Former Trump campaign chief Paul Manafort found guilty of bank and tax fraud

President Donald Trump's former campaign chairman Paul Manafort on Tuesday was found guilty of eight criminal counts, including five counts of tax fraud.

Manafort was also found guilty of two counts of bank fraud and one count of failing to file foreign bank account reports.

In a note to U.S. District Court Judge T.S. Ellis, the jurors said they had not reached a consensus on the 10 remaining counts in the bank fraud and tax crimes trial. Ellis, in turn, declared a mistrial on those 10 counts.

The Alexandria, Virginia criminal trial was the first borne of charges lodged by special counsel Robert Mueller's investigation into Russian interference in the 2016 campaign. Manafort, 69, faces another federal trial in September in Washington, D.C., which also stems from the Russia probe.

At the end of the 16-day trial, the jury's verdict arrived at nearly the same moment that Trump's longtime personal lawyer, Michael Cohen, pleaded guilty to tax fraud and making an excessive campaign contribution.

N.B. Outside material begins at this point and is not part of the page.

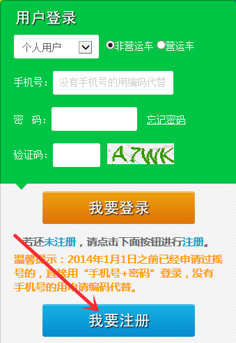進(jìn)入“北京市小客車指標(biāo)管理信息系統(tǒng)”官網(wǎng),如圖所示,按提示注冊賬號

Mueller's prosecutors called 27 witnesses to testify against Manafort, and submitted more than 350 exhibits.

Manafort's defense team, in contrast, called no witnesses at the trial and introduced just 12 exhibits into evidence.

The jury's verdict in the trial arrived after four days of deliberation.

Among the prosecution's witnesses was Manafort's former business associate, Rick Gates, who also had worked on the presidential campaign of Donald Trump in 2016.

Gates pleaded guilty earlier this year to conspiracy and making false statements. He has not yet been sentenced.

The charges against Manafort and Gates were connected to their consulting work for a pro-Russia political party in Ukraine, and not to their work on the Trump campaign.